Dataset extract:
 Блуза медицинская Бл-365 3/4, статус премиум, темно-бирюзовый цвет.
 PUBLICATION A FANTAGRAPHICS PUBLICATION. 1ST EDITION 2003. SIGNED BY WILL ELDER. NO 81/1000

--

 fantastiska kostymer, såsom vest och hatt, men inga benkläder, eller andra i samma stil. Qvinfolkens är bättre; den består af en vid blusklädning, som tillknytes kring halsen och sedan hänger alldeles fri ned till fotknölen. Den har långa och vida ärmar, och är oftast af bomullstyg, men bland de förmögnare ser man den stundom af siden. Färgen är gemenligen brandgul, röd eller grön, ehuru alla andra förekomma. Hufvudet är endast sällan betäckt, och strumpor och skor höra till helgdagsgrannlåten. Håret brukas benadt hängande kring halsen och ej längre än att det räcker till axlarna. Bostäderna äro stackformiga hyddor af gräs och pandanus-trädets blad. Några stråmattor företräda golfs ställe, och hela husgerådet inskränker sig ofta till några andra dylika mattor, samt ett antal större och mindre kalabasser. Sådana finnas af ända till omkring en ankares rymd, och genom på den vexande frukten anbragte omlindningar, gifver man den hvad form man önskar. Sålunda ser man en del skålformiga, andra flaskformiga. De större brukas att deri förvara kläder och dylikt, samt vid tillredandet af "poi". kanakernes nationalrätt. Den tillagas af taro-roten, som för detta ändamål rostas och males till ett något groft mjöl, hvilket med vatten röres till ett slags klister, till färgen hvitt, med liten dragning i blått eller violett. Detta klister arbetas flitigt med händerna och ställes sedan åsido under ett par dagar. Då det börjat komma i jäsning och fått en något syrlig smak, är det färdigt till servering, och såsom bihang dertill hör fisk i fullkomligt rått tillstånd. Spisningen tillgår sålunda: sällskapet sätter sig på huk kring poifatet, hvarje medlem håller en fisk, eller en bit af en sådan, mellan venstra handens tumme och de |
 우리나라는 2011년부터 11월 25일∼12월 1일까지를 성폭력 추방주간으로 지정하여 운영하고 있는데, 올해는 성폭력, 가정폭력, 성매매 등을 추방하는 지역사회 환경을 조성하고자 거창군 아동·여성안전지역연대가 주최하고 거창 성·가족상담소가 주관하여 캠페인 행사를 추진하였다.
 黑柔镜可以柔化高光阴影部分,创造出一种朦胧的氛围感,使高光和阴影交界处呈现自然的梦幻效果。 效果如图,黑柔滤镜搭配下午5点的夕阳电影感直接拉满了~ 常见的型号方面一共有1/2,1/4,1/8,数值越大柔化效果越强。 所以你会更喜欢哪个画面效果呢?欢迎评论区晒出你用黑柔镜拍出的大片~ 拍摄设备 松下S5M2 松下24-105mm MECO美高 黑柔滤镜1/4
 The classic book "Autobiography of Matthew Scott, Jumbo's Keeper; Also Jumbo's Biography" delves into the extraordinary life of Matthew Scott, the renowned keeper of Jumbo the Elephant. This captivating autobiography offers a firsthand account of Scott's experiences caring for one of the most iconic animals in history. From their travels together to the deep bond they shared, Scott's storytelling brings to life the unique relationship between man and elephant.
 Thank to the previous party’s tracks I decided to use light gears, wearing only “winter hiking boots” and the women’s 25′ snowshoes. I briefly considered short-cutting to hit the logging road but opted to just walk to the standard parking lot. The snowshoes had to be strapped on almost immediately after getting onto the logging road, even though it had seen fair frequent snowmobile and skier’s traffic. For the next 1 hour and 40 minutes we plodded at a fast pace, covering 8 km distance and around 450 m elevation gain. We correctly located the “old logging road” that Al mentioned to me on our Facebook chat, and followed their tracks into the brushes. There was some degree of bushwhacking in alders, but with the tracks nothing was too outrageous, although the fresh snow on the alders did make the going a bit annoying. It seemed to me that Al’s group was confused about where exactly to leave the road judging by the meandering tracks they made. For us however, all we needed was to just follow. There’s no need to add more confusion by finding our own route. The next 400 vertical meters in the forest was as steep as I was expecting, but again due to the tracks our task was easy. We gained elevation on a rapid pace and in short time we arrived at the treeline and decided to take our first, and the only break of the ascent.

What is needed: From the entries above, write out only the lines starting at the line that holds "Блуза медицинская Бл-365" and ending at the line that holds "PUBLICATION A FANTAGRAPHICS", keeping both and matching them exactly.

Reply:
 Блуза медицинская Бл-365 3/4, статус премиум, темно-бирюзовый цвет.
 PUBLICATION A FANTAGRAPHICS PUBLICATION. 1ST EDITION 2003. SIGNED BY WILL ELDER. NO 81/1000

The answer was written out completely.